> [ACTIVITY]: Given these entries, repeat exactly the lines starting with the one that has "13 декабря 2022" and going on through the one that has "为使中队同学更好地了解和规划", both included, but none of the pictures.

> [INFORMATION SHOWN]:
____________________

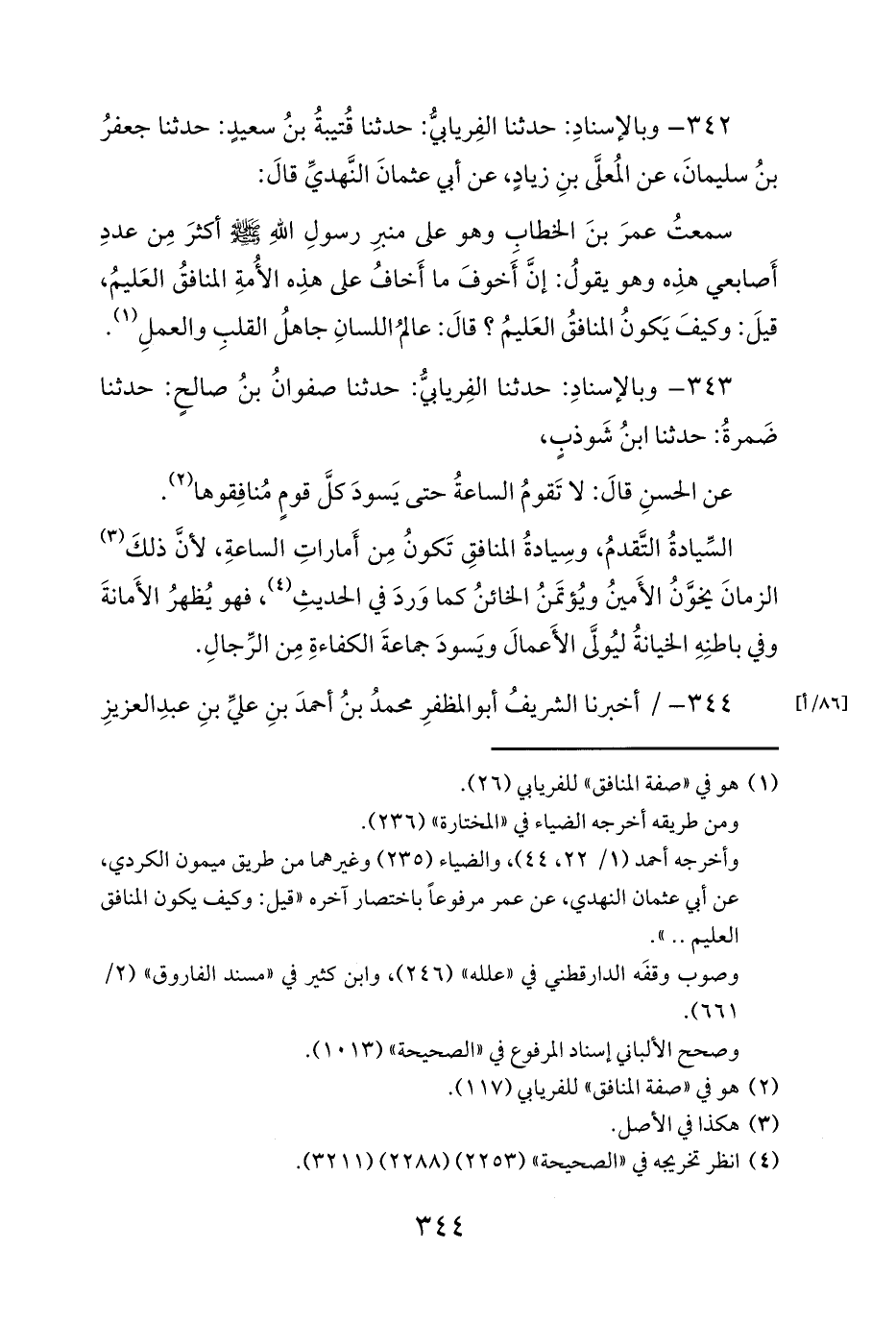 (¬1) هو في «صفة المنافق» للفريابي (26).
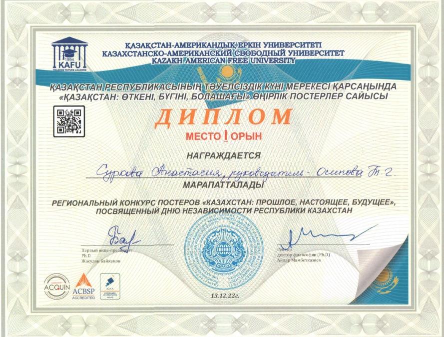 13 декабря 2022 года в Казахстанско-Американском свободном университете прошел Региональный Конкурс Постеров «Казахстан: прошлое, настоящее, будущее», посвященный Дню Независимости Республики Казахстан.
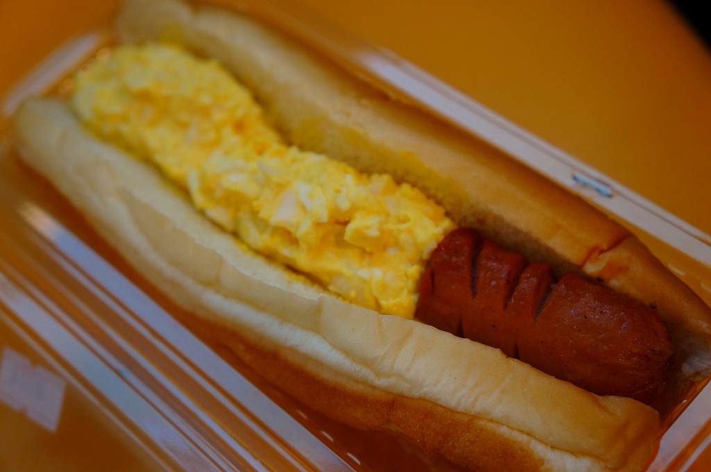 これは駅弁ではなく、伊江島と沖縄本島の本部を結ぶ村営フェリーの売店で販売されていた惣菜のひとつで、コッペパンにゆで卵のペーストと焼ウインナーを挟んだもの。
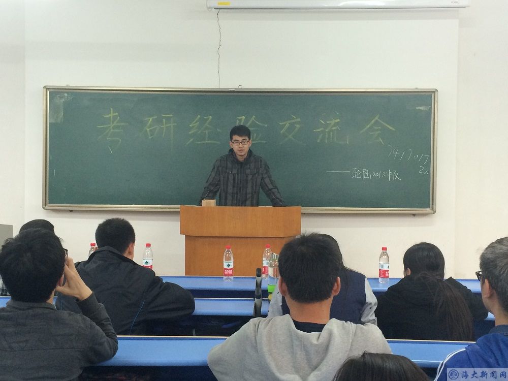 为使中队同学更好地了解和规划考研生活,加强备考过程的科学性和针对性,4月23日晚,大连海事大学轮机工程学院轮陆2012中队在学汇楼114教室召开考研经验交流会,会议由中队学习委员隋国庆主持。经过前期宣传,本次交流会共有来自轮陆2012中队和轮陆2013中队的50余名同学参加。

____________________

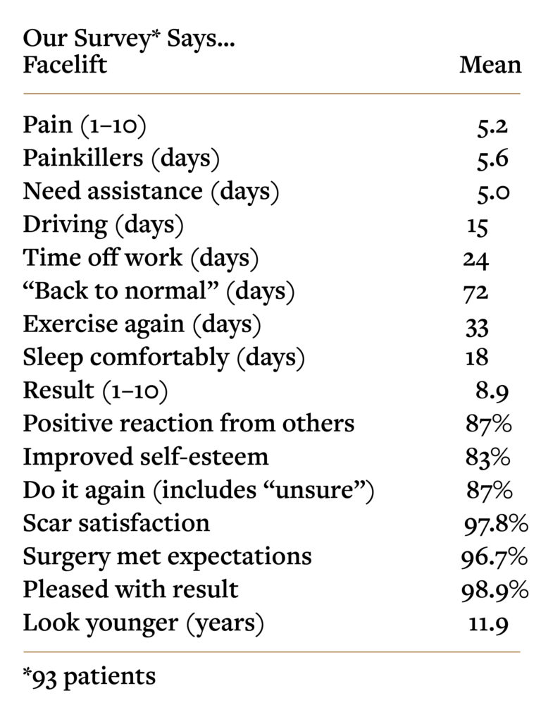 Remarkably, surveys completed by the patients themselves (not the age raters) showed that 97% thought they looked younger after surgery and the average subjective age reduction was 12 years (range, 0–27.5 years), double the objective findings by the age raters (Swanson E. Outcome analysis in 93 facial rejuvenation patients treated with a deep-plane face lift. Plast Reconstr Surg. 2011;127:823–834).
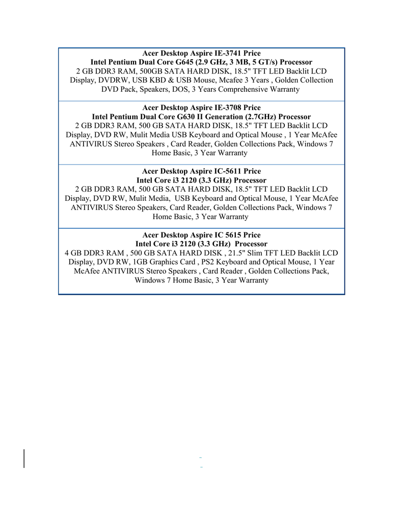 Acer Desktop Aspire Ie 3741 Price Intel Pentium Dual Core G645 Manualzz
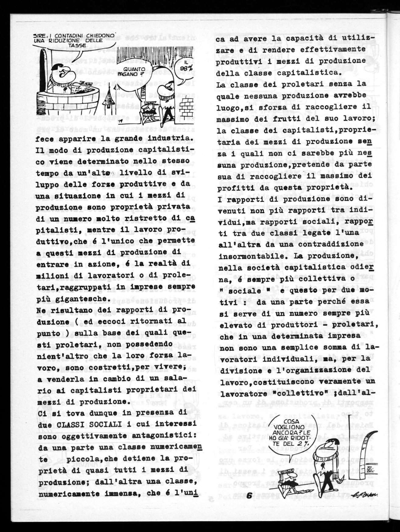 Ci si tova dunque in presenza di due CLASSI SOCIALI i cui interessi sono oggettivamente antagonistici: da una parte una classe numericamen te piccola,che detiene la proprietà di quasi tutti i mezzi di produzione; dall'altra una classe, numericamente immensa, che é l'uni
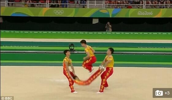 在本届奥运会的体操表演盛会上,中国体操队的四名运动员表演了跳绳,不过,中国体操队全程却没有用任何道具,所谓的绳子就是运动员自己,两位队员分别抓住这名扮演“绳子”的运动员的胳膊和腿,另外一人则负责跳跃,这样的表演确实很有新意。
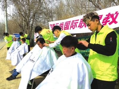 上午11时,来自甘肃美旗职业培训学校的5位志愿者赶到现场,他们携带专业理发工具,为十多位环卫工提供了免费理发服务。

____________________

> [OUTPUT FOR THIS EXERCISE]:
 13 декабря 2022 года в Казахстанско-Американском свободном университете прошел Региональный Конкурс Постеров «Казахстан: прошлое, настоящее, будущее», посвященный Дню Независимости Республики Казахстан.
 これは駅弁ではなく、伊江島と沖縄本島の本部を結ぶ村営フェリーの売店で販売されていた惣菜のひとつで、コッペパンにゆで卵のペーストと焼ウインナーを挟んだもの。
 为使中队同学更好地了解和规划考研生活,加强备考过程的科学性和针对性,4月23日晚,大连海事大学轮机工程学院轮陆2012中队在学汇楼114教室召开考研经验交流会,会议由中队学习委员隋国庆主持。经过前期宣传,本次交流会共有来自轮陆2012中队和轮陆2013中队的50余名同学参加。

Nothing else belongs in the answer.